=== Instructions for the task ===
Take the line containing "此外,天津市楹联学会也向全市" and every line after it to the end of the records, and copy them exactly, leaving out pictures.

=== Data provided ===

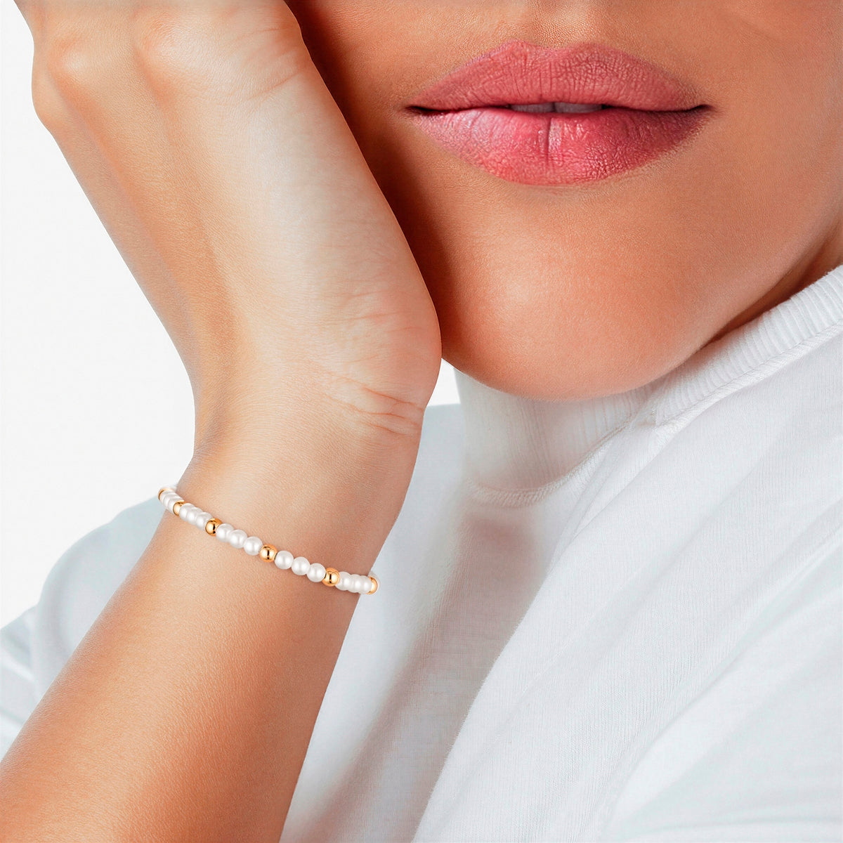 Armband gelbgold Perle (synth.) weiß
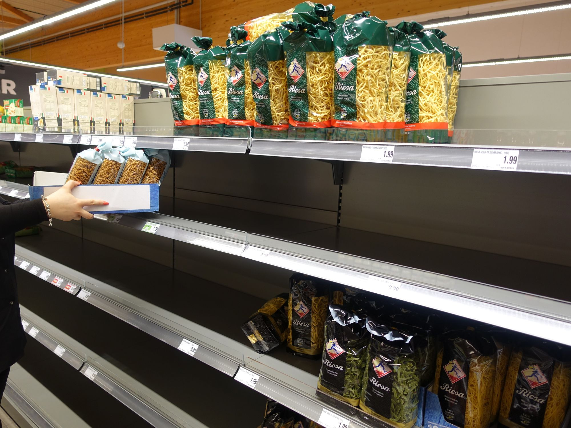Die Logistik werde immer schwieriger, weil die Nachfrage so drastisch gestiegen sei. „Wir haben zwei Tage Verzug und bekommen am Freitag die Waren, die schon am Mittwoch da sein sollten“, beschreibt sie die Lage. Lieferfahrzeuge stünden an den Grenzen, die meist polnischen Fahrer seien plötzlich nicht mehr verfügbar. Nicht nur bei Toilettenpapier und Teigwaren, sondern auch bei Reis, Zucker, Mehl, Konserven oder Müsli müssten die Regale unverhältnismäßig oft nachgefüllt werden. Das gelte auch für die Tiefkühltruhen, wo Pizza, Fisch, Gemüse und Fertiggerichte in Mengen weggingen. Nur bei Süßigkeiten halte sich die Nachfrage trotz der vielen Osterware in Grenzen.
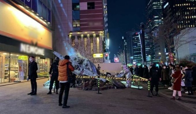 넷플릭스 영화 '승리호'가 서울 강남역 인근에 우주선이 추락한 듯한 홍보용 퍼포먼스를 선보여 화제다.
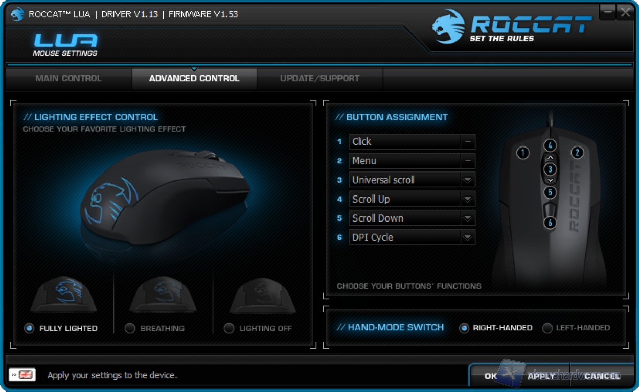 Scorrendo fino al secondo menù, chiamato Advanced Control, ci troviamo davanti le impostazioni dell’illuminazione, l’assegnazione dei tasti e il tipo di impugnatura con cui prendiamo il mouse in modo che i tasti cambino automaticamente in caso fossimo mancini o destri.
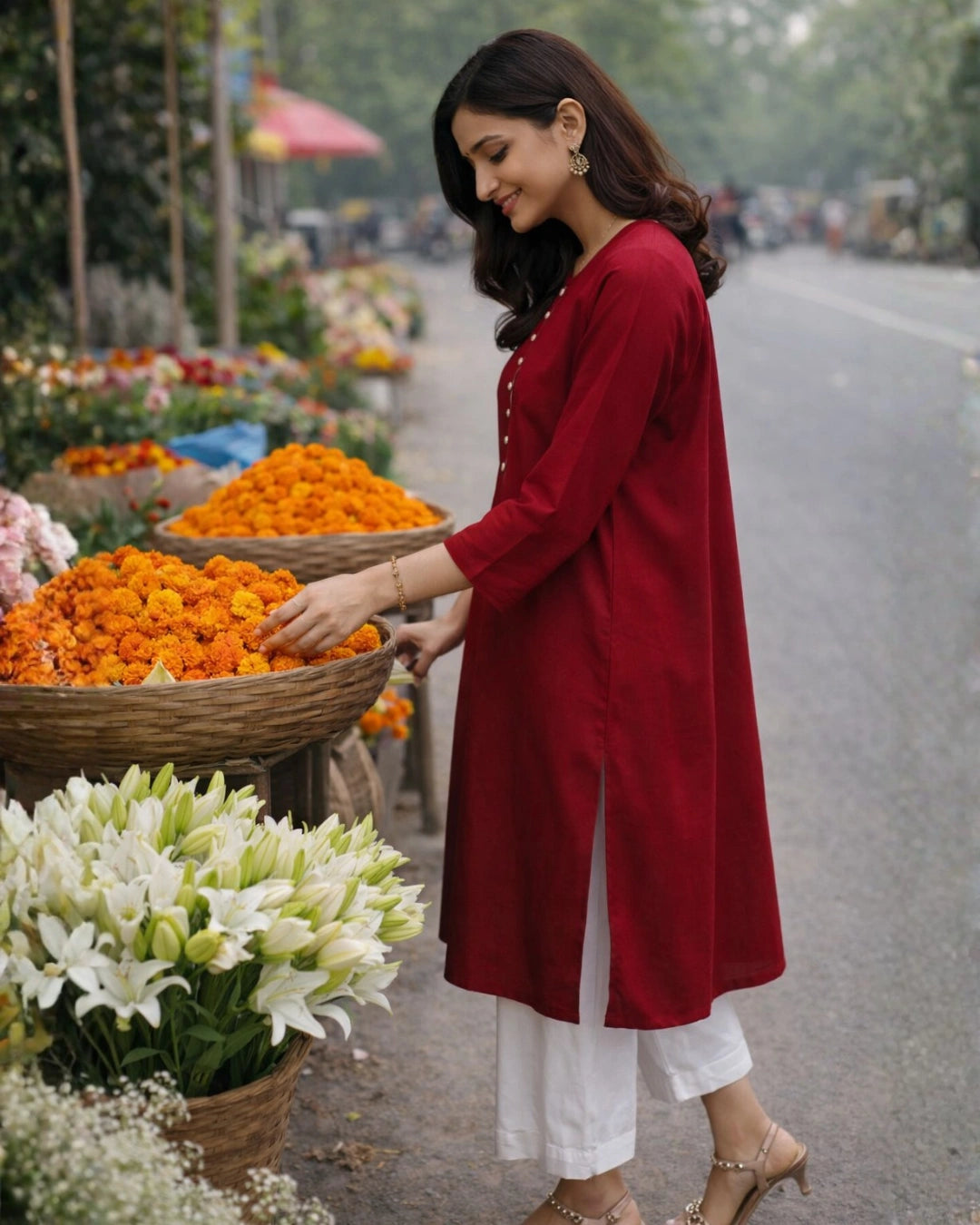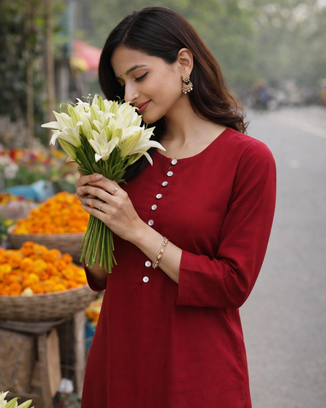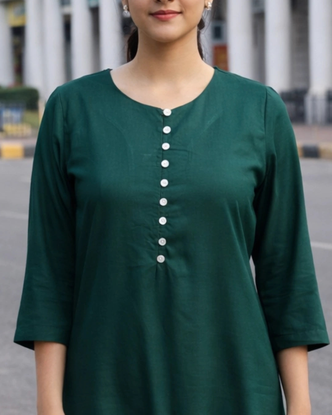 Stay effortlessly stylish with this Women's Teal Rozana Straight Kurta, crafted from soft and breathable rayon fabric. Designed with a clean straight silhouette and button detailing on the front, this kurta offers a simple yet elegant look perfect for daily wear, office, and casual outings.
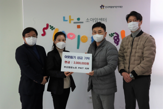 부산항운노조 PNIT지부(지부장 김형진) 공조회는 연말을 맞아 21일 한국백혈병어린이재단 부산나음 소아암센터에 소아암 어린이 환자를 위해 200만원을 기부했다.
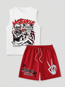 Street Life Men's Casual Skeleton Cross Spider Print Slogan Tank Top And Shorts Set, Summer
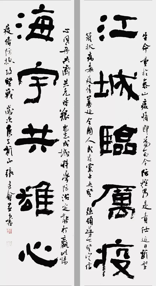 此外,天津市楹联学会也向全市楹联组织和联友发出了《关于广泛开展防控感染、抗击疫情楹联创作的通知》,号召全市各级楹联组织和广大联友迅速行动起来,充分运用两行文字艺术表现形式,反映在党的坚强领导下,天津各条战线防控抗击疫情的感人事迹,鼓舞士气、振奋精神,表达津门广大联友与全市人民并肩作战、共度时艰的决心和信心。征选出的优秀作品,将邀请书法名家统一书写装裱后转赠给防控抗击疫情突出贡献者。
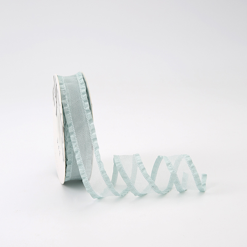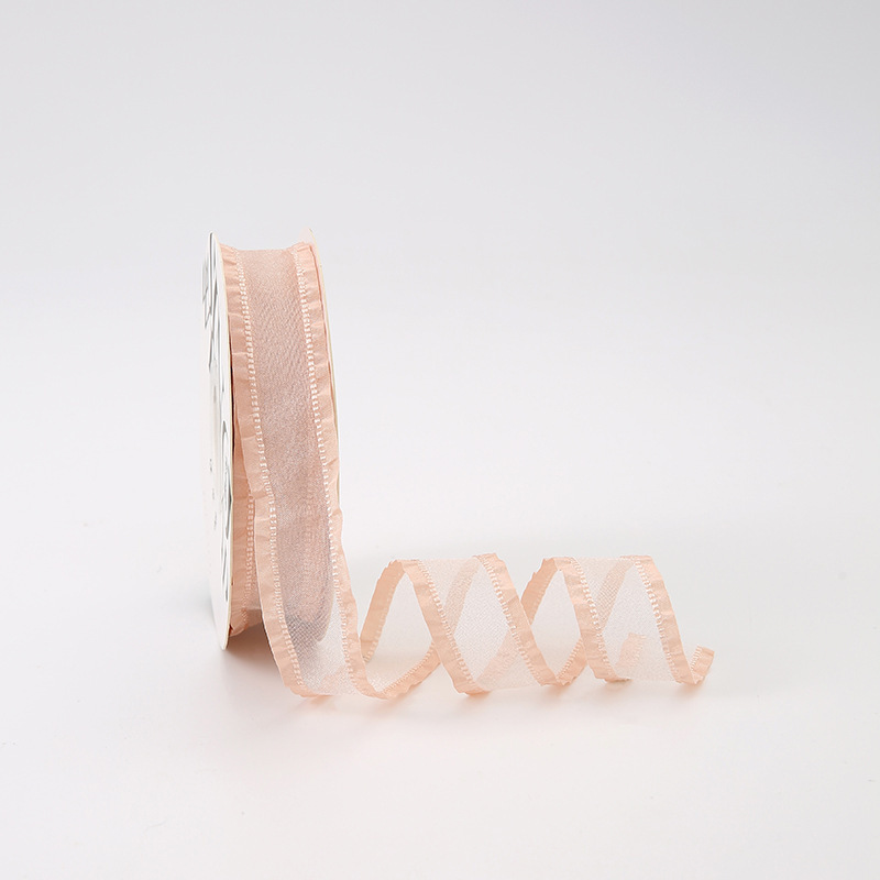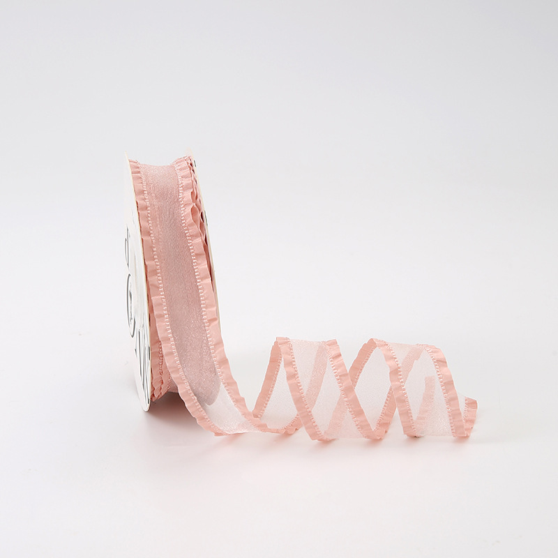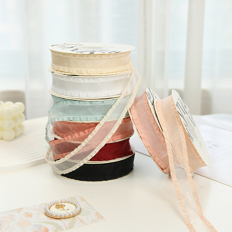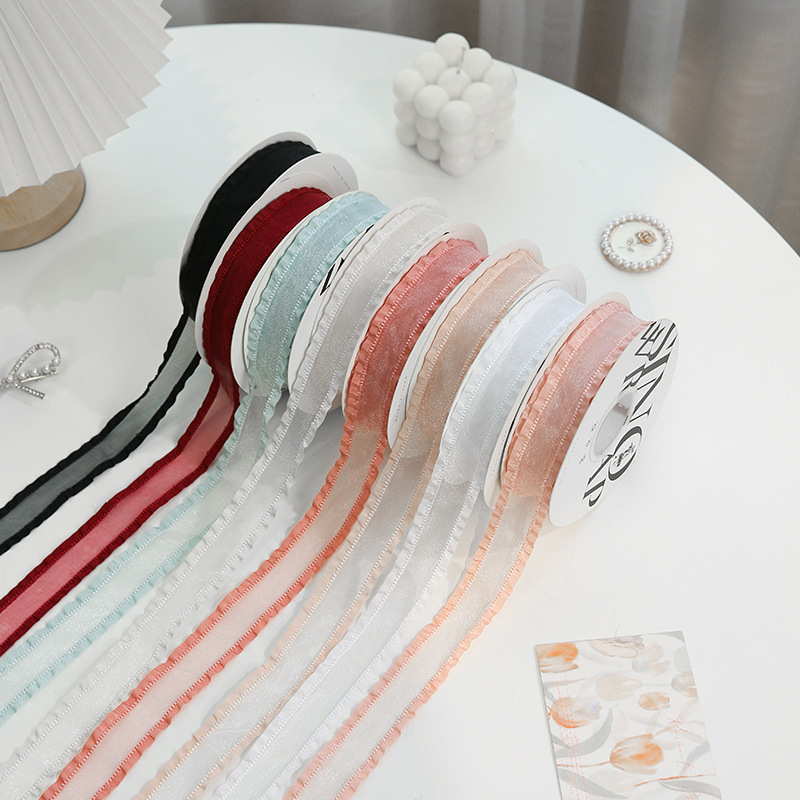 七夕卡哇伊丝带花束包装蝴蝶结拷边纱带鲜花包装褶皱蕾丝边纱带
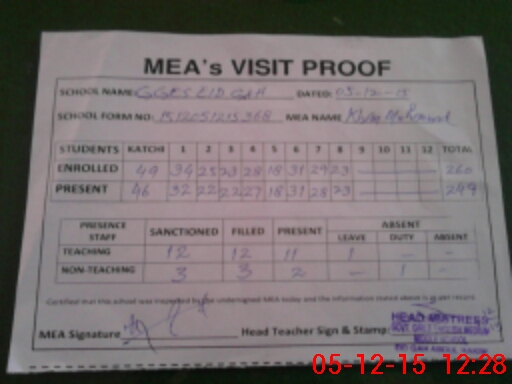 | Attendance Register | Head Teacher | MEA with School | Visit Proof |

=== Completed exercise ===
 此外,天津市楹联学会也向全市楹联组织和联友发出了《关于广泛开展防控感染、抗击疫情楹联创作的通知》,号召全市各级楹联组织和广大联友迅速行动起来,充分运用两行文字艺术表现形式,反映在党的坚强领导下,天津各条战线防控抗击疫情的感人事迹,鼓舞士气、振奋精神,表达津门广大联友与全市人民并肩作战、共度时艰的决心和信心。征选出的优秀作品,将邀请书法名家统一书写装裱后转赠给防控抗击疫情突出贡献者。
 七夕卡哇伊丝带花束包装蝴蝶结拷边纱带鲜花包装褶皱蕾丝边纱带
 | Attendance Register | Head Teacher | MEA with School | Visit Proof |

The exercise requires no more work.